[Start of Attachment]

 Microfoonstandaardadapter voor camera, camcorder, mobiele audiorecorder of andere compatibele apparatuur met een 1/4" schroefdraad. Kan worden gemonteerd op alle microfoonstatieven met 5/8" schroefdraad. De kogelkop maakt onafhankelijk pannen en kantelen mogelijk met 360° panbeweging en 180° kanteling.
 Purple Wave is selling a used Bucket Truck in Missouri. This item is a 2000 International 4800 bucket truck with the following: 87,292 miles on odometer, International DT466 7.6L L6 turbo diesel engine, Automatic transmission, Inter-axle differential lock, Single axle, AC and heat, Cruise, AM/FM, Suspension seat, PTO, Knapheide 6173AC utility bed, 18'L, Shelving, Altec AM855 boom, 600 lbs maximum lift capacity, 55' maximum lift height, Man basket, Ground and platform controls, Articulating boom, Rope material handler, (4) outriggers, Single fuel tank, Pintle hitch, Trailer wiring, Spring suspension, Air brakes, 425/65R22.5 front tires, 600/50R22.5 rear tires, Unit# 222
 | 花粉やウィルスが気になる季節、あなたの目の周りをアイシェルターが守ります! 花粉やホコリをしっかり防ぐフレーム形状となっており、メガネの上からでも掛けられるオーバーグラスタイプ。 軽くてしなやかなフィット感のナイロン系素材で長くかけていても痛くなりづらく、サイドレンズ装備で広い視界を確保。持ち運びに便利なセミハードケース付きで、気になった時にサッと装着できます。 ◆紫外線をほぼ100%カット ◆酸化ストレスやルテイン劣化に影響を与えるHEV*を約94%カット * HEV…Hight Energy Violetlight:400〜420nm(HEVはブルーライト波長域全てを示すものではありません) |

[End of Attachment]
[Start of Attachment]

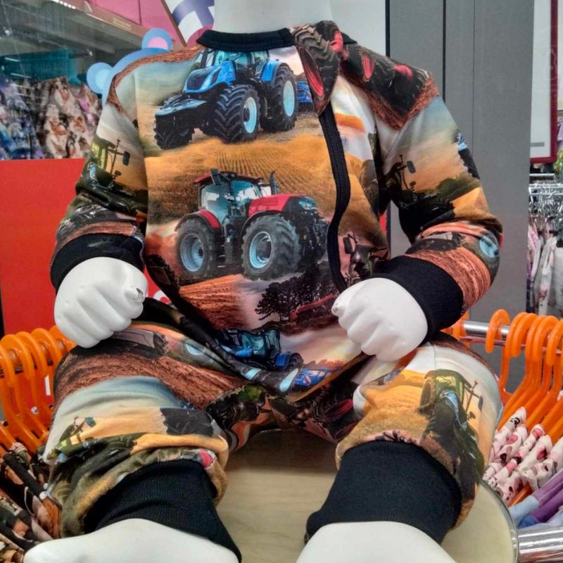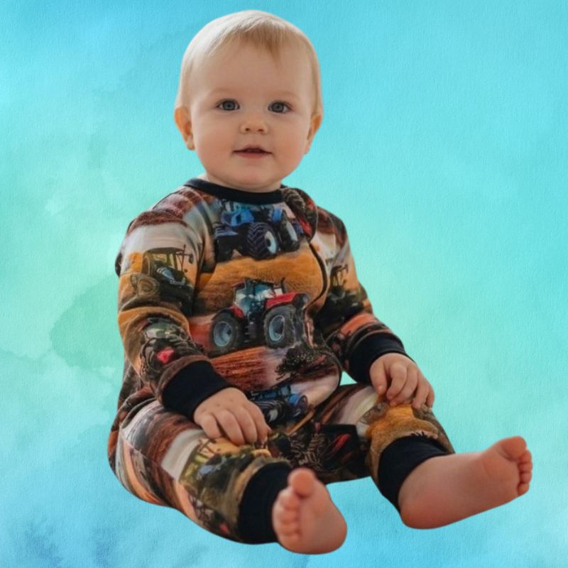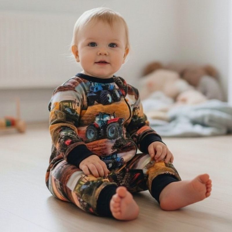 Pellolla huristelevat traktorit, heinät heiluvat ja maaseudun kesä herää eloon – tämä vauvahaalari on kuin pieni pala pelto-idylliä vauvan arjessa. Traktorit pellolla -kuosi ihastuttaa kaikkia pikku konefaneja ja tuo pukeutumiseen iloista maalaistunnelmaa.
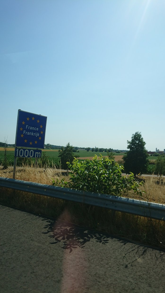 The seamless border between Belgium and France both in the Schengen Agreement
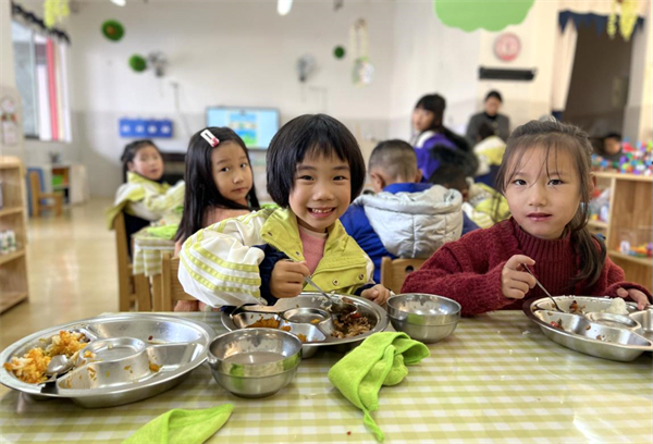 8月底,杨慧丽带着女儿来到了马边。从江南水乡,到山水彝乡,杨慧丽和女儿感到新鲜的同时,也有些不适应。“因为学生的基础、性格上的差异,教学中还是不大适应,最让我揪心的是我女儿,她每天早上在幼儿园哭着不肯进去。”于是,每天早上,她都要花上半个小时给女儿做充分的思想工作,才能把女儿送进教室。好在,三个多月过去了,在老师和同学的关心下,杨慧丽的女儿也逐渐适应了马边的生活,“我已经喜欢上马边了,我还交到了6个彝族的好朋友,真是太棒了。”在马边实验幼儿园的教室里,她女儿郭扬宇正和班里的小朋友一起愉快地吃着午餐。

[End of Attachment]

Copy only this from above: the line containing "The seamless border", the line containing "8月底,杨慧丽带着女儿来到了", and all lines between, printed exactly. Leave out the pictures.

 The seamless border between Belgium and France both in the Schengen Agreement
 8月底,杨慧丽带着女儿来到了马边。从江南水乡,到山水彝乡,杨慧丽和女儿感到新鲜的同时,也有些不适应。“因为学生的基础、性格上的差异,教学中还是不大适应,最让我揪心的是我女儿,她每天早上在幼儿园哭着不肯进去。”于是,每天早上,她都要花上半个小时给女儿做充分的思想工作,才能把女儿送进教室。好在,三个多月过去了,在老师和同学的关心下,杨慧丽的女儿也逐渐适应了马边的生活,“我已经喜欢上马边了,我还交到了6个彝族的好朋友,真是太棒了。”在马边实验幼儿园的教室里,她女儿郭扬宇正和班里的小朋友一起愉快地吃着午餐。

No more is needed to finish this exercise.